- **Activity**: Copy out every line of the data exactly; do not include the images.

(Saved entries)
━━━━━━━━━━━━━━━━━━━━

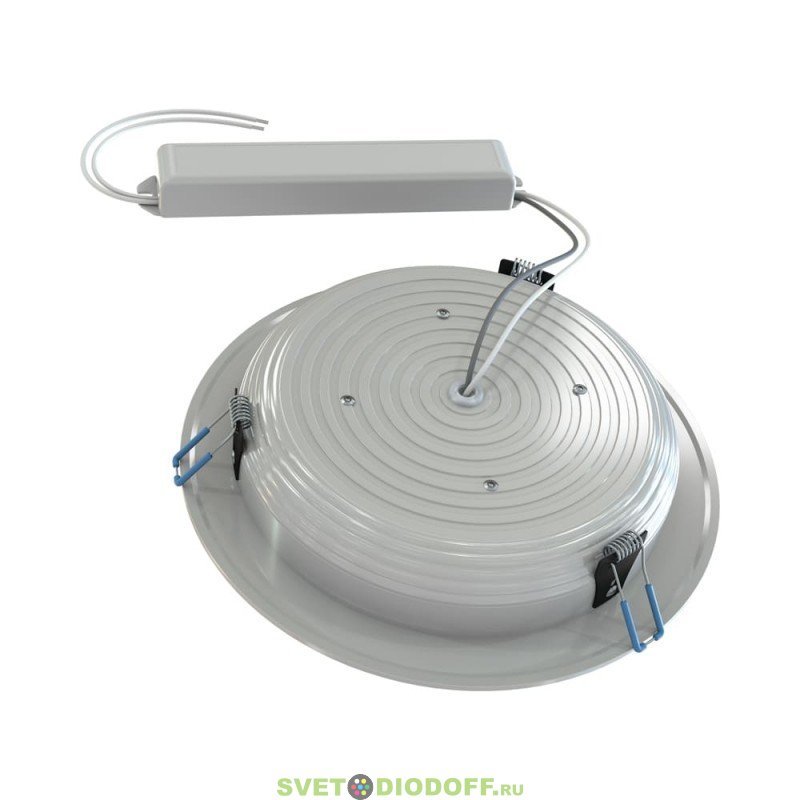 Светильник устанавливается в монтажное отверстие с помощью специальных зажимных пружин.
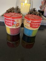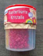 Die "Kunterbunten Kristalle" machen aus einem einfachen Gebäck ein Highlight für die Kaffeetafel. Ein schlichter Amerikaner wird zu einem echten Hingucker. Die Farben sind toll und Kinder können damit beim Dekorieren ihrer Fantasie freuen Lauf lassen. Die Verpackung ist toll, man kann jede Farbe einzeln streuen. Es ist gut das die Deckel nicht irgendwie zusammen hängen. Es wäre toll, wenn es die Kristalle als Nachfüllpackung geben würde, jede Farbe für sich.
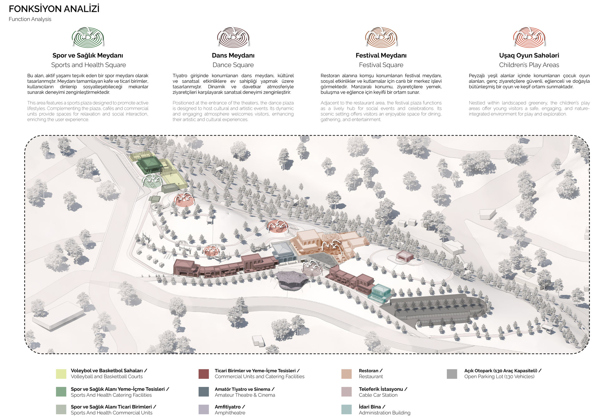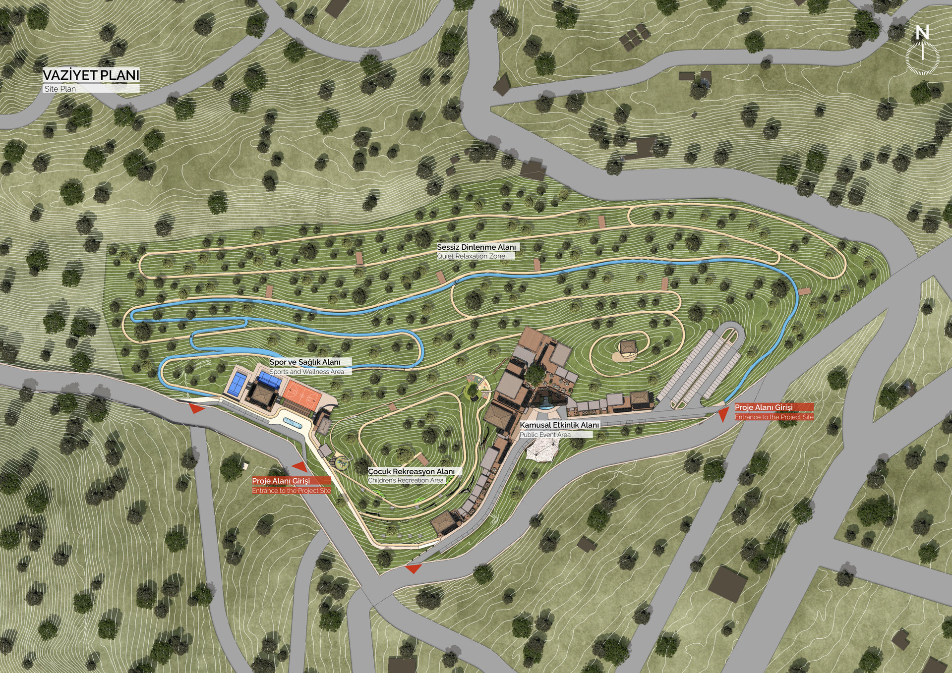 Situated in the mountainous Kalbajar region, the project site stands out with its exceptional natural landscape, rich biodiversity, and abundant water resources. Its strategic location, in proximity to significant regions such as Kalbajar’s neighboring districts, has gained further importance in recent years with the implementation of major infrastructure projects. The primary design goal is to establish a modern and functional public space while safeguarding the ecological integrity and cultural heritage of Kalbajar.
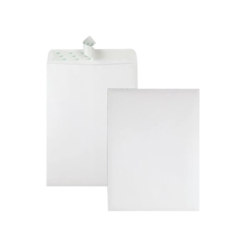 Keep statements, invoices, and other important paperwork secure with these white envelopes. Made of durable 28-pound paper, these white wove envelopes protect contents from moisture, ripping, dirt, and other damage. The Redi-Strip seal allows you to easily seal the envelopes without moisture. These Quality Park catalog envelopes open on the long side for easy retrieval and insertion of contents.
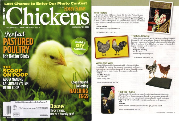 *Our license plate chickens and roosters were featured in the March/April 2015 issue of Chickens Magazine*

━━━━━━━━━━━━━━━━━━━━

- **Reply**:
 Светильник устанавливается в монтажное отверстие с помощью специальных зажимных пружин.
 Die "Kunterbunten Kristalle" machen aus einem einfachen Gebäck ein Highlight für die Kaffeetafel. Ein schlichter Amerikaner wird zu einem echten Hingucker. Die Farben sind toll und Kinder können damit beim Dekorieren ihrer Fantasie freuen Lauf lassen. Die Verpackung ist toll, man kann jede Farbe einzeln streuen. Es ist gut das die Deckel nicht irgendwie zusammen hängen. Es wäre toll, wenn es die Kristalle als Nachfüllpackung geben würde, jede Farbe für sich.
 Situated in the mountainous Kalbajar region, the project site stands out with its exceptional natural landscape, rich biodiversity, and abundant water resources. Its strategic location, in proximity to significant regions such as Kalbajar’s neighboring districts, has gained further importance in recent years with the implementation of major infrastructure projects. The primary design goal is to establish a modern and functional public space while safeguarding the ecological integrity and cultural heritage of Kalbajar.
 Keep statements, invoices, and other important paperwork secure with these white envelopes. Made of durable 28-pound paper, these white wove envelopes protect contents from moisture, ripping, dirt, and other damage. The Redi-Strip seal allows you to easily seal the envelopes without moisture. These Quality Park catalog envelopes open on the long side for easy retrieval and insertion of contents.
 *Our license plate chickens and roosters were featured in the March/April 2015 issue of Chickens Magazine*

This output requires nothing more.